> [What the task requires]:
The listing below holds pictures; exclude them. Return exactly the lines from the one with "Threadbare Plus - Fitness" through the one with "The soft glow".

> [Exercise data]:
◆ ◆ ◆ ◆ ◆

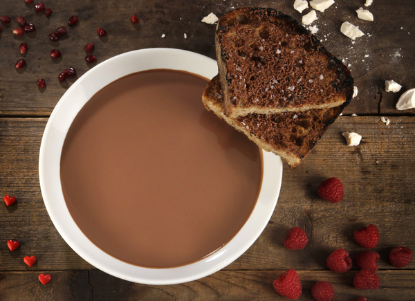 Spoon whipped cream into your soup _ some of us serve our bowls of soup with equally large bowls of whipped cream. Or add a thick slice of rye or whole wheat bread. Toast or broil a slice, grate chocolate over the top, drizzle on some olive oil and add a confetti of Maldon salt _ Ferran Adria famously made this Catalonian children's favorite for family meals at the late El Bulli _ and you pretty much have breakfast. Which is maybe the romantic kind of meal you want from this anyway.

◆ ◆ ◆ ◆ ◆

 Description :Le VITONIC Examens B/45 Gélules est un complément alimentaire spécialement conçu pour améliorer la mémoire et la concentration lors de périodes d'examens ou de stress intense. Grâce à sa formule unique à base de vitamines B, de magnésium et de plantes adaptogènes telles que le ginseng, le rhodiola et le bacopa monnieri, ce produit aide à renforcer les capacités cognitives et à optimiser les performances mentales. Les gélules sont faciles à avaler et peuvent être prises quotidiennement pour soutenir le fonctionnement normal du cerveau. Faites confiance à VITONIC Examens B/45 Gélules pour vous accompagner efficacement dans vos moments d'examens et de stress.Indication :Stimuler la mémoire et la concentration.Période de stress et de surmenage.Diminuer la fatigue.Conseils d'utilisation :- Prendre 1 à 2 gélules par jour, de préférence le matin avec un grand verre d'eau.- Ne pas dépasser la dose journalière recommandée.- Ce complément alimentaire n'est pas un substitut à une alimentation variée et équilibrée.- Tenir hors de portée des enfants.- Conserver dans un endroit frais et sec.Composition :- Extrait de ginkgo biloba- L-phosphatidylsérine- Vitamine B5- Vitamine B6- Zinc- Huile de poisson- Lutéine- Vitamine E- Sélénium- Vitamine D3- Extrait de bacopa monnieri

◆ ◆ ◆ ◆ ◆

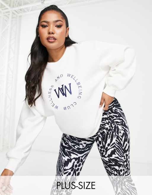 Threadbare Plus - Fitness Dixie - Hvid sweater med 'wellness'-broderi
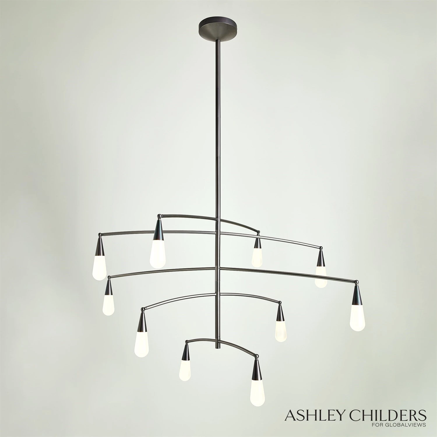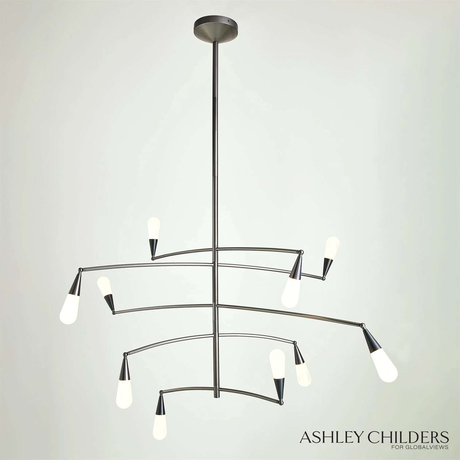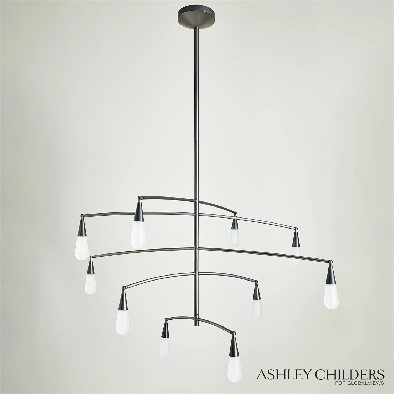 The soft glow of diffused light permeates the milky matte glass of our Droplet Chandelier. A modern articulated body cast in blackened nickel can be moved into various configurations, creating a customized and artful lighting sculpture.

◆ ◆ ◆ ◆ ◆

> [Response area]:
 Threadbare Plus - Fitness Dixie - Hvid sweater med 'wellness'-broderi
 The soft glow of diffused light permeates the milky matte glass of our Droplet Chandelier. A modern articulated body cast in blackened nickel can be moved into various configurations, creating a customized and artful lighting sculpture.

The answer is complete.